The big assumption behind prompt-based interactions is that users can articulate what they want the AI to do. Reality is not that simple.
In the human brain, the language center is separate from the logic center. That’s the reason why people have difficulty articulating something that they fully understand. This disconnect creates a fundamental challenge for prompt-based AI systems.
Those Who Master Articulation
Certain professions have mastered the art of bridging this gap:
- Executives provide direction for entire organizations. The best ones have honed their ability to connect the logic center with the language center.
- Military leaders undergo specific training on articulating command intent. In the pressure and chaos of battle, confused articulation in orders has repeatedly cost lives and battles throughout history. The best militaries consider these courses critical requirements for promotions and senior command positions.

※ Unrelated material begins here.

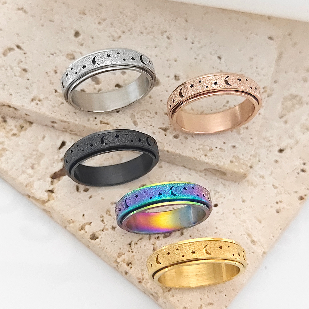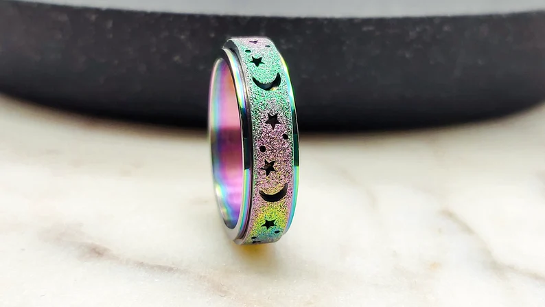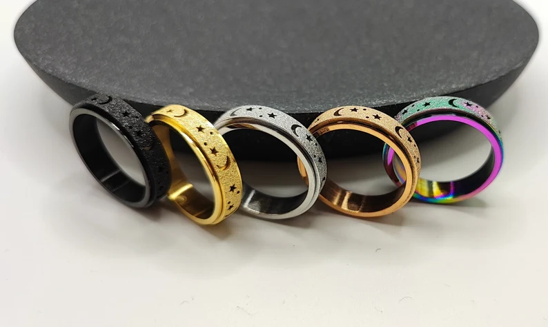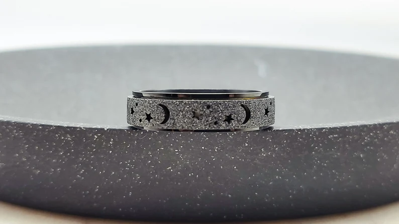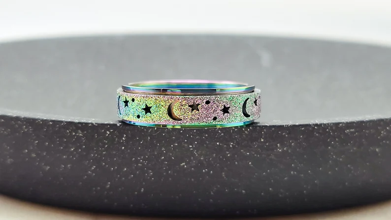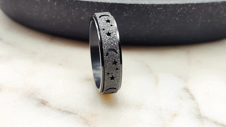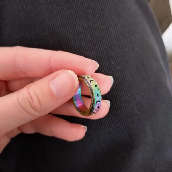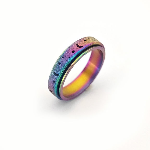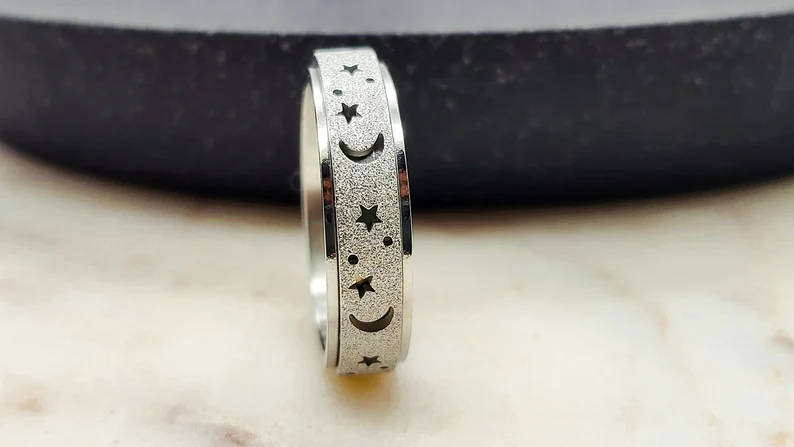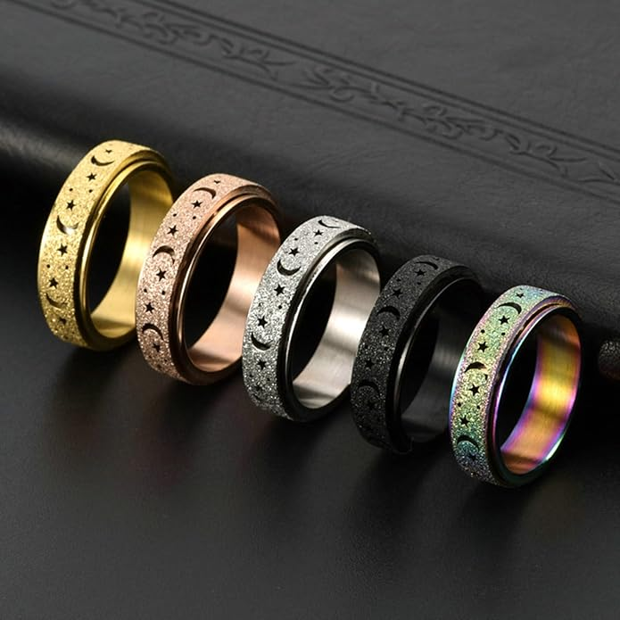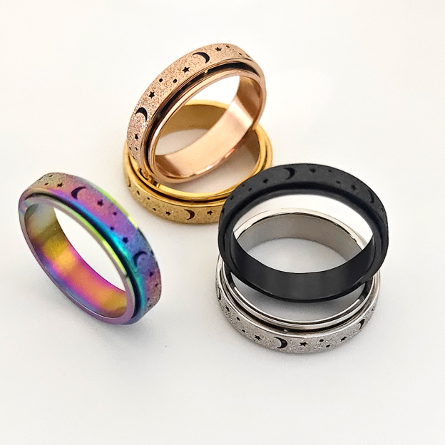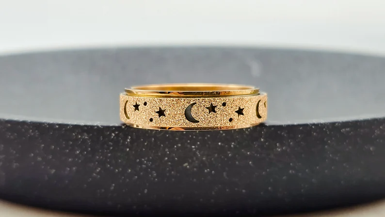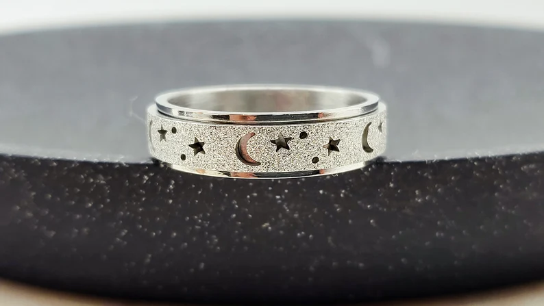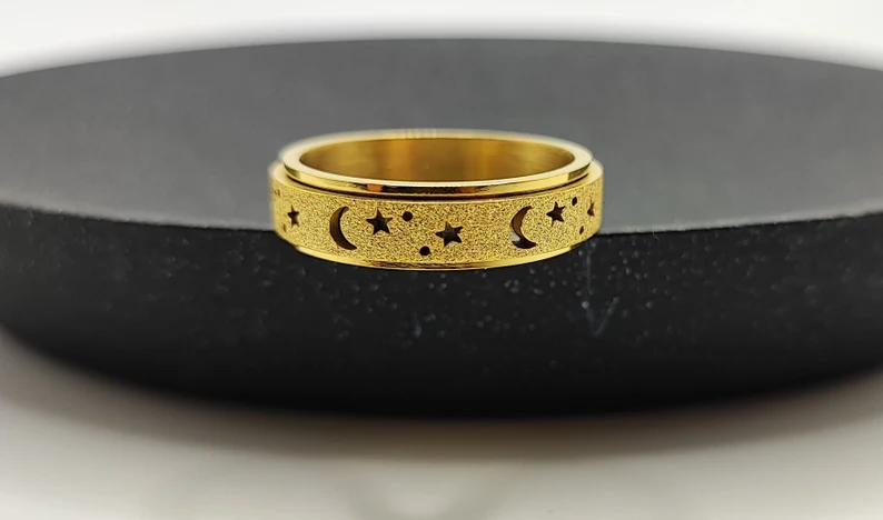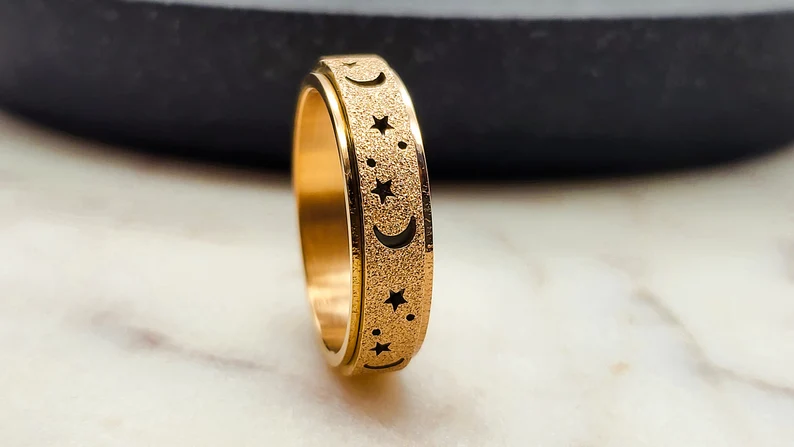 Unique Spinning Moon + Star Anxiety Ring for Men and Women

- Teachers must figure out how to communicate concepts using language that students can understand.
- Programmers find writing prompts relatively easy because they’ve been trained in the art of instructing computers. They work at different levels of abstraction—from requirements and use cases to code and shell commands. Their brains are trained to connect logic with language to articulate what computers need to do. It’s no surprise that programmers and engineers are some of the best writers on the internet today.
The Challenge for Prompt-Based AI
If writing instructions, commands, and directives is a skill so difficult to acquire, how can prompt-style interaction become the mainstay of AI-based solutions?
Great self-serve interfaces work well because designers spend an incredible amount of time understanding and eliciting user mental models. This understanding translates into UX interactions that “just get it” when users open the app. It makes users feel as if someone read their mind without having to be told. Can prompt-based interactions ever make users feel the same way?
A Programmer’s Perspective
As a programmer, I love that I can produce results with ease and far reduced effort using AI. I recognize that the alternative—writing code myself—takes time, is expensive, and isn’t always the highest-value work I need to do. As a way of offloading the coding process, prompt-based generative AI systems are exceptionally valuable.
But for the broader population who haven’t developed the skill of articulation, the question remains: is prompt-based interaction the primary interaction posture for accessing AI?